# Bad Chest and Back Acne After Post Cycle, Armidex?



## shaneh23 (Mar 16, 2011)

Just finnished my post cycle a few weeks. Clomid, Nolva and HCG.

Was on a cycle of Test 250 (500mg per week) and Masteron (200mg per week) for the first 4 weeks then onto Test E (500mg) per week and winstrol and t3.

Getting bad acne on my back and chest now since I've stopped taking the Nolva. Should I get some Armidex to stop this? Also would I have to take Duta with it or is that optional?

Any advice welcome.


----------



## lewishart (Mar 13, 2012)

Why would any of the above help with acne control.

Acne is caused by shifting levels of hormone, be it estrogen, testosterone, DHT etc etc.

If you want to help your acne, use accutane, it works wonders for many.

I dont ever suffer from spots regardless of any AAS used.


----------



## lewishart (Mar 13, 2012)

Also the reason why your getting a few spots is because your HPTA has clearly started to fire back up, FSH and LH levels are raising, and therefore your natty testosterone is raising, this is why your getting acne.


----------



## shaneh23 (Mar 16, 2011)

Thanks for the reply.

I thought Armidex stopped test turning to DHT or something along them lines and meant that would stop the acne.

Would it definitely not work at all?

After doing a lot of research and it seems common with Test E this happens, is it because of its long half life? Maybe I should of stayed longer on PCT or waited longer to start it. I waited 12 days, maybe that wasn't enough.


----------



## user123 (Feb 4, 2009)

shaneh23 said:


> Thanks for the reply.
> 
> I thought Armidex stopped test turning to DHT or something along them lines and meant that would stop the acne.
> 
> ...


i'm shocked. you've just done a cycle and you don't understand the basics:rolleyes:

as lewishart said post cycle your hormones will be all over the place so if you suffer from acne you will more than likely break out.

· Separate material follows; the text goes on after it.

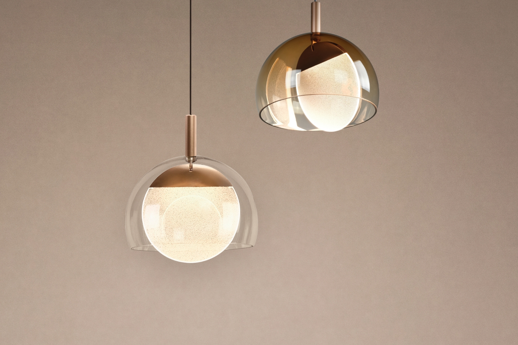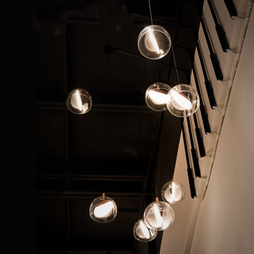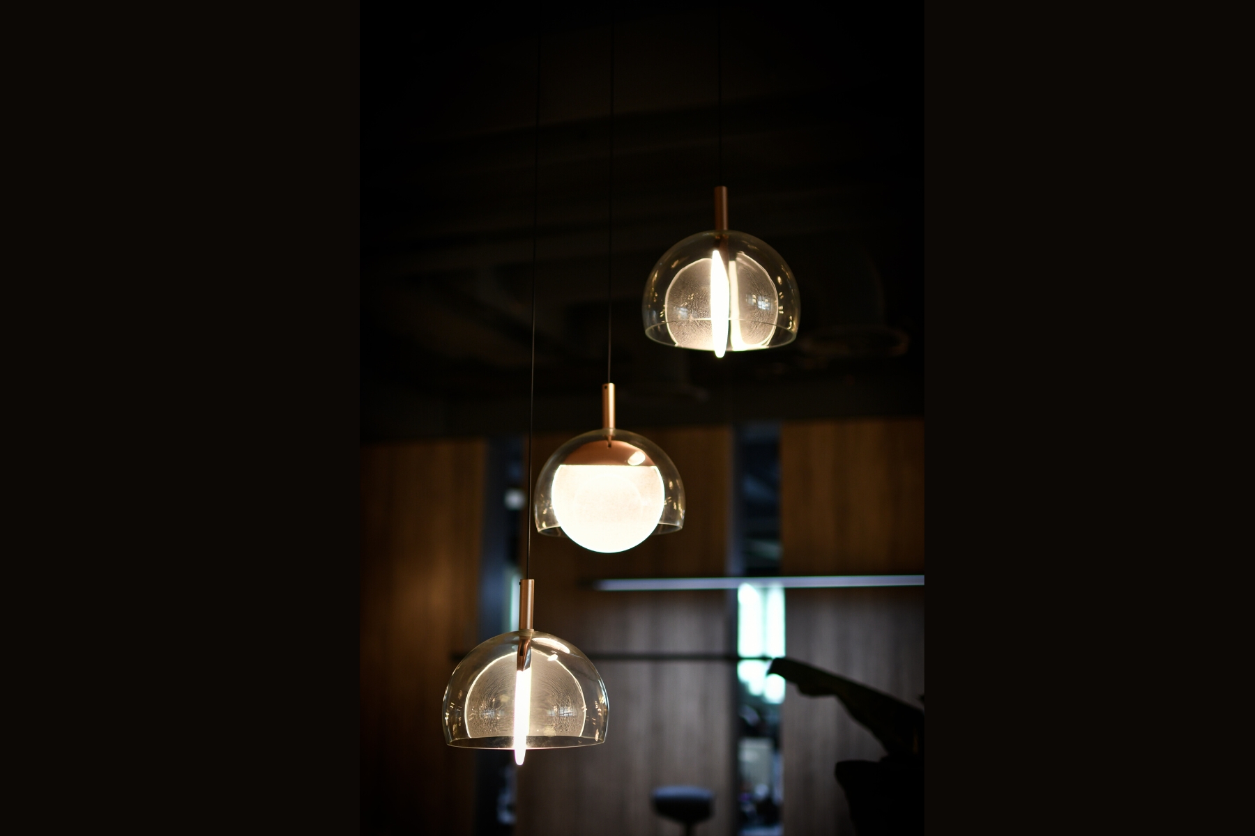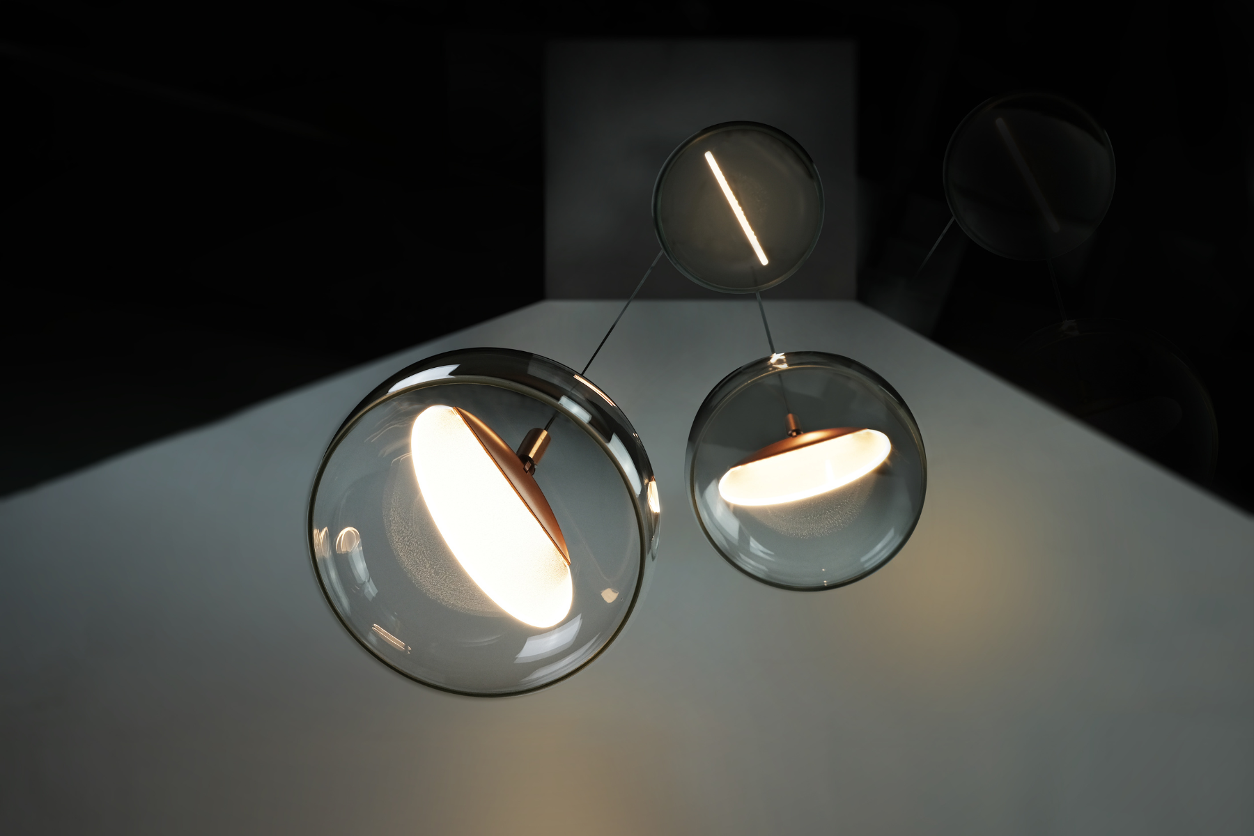 手工口吹玻璃塑造每一個燈體的獨一,將導光板特殊的面光源來回反射出豐富多樣、真假虛實交織的光環。

controling estrogen and dht on cycle will keep acne to a minimum


----------



## C.Hill (Nov 21, 2010)

Your hormones are all over the place mate. How bad are the spots?


----------



## shaneh23 (Mar 16, 2011)

I've had them worse before, got some scarring and all over it but not as bad this time just yet anyway.

What do you think my best bet is now then? Is armidex not worth my while?

Moving over to Spain in a few weeks so the sun and salt water in the sea should help but would prefer to get rid before then.


----------



## shaneh23 (Mar 16, 2011)

user123 said:


> i'm shocked. you've just done a cycle and you don't understand the basics:rolleyes:
> 
> as lewishart said post cycle your hormones will be all over the place so if you suffer from acne you will more than likely break out.
> 
> controling estrogen and dht on cycle will keep acne to a minimum


I actually thought I knew a good bit about them just not an expert but I know more than most people I know using them. I just opted not to use Armidex on cycle this time, trial an error its not necessary to take it is it? This is the second time it's happened though so in future I'll be using it on cycle would appreciate it if you had any advice for me now though.


----------



## artex (Apr 29, 2011)

hi, i used vit b5 after i came of a test cycle a few weeks after pct i got v bad acne. have a read at this. mine cleared up bout 95% using this. http://www.vitaminb5acne.com/ good luck


----------



## Rav212 (May 18, 2011)

How long does it taKe to work the b5?

I'm running it at 10g ed


----------



## shaneh23 (Mar 16, 2011)

I've bought this already. Hoping it well help a bit also taking fish oils, vit e, vit d and green tea to help my skin. Also try do a good few sunbeds especially when I see myself breaking out.

Should I look into the possibilty of accutane? Or can I just ride this out, its been 7 weeks now since my last jab how long would this acne persist for?


----------



## lewishart (Mar 13, 2012)

shaneh23 said:


> Thanks for the reply.
> 
> I thought Armidex stopped test turning to DHT or something along them lines and meant that would stop the acne.
> 
> ...


No mate, arimidex stops estrogen forming, its a aromatase inhibitor.

You really should know the basics of safe educated AAS use before you jump into your cycle.

It has absolutly nothing to do with the half life of test E, or any half life for that matter.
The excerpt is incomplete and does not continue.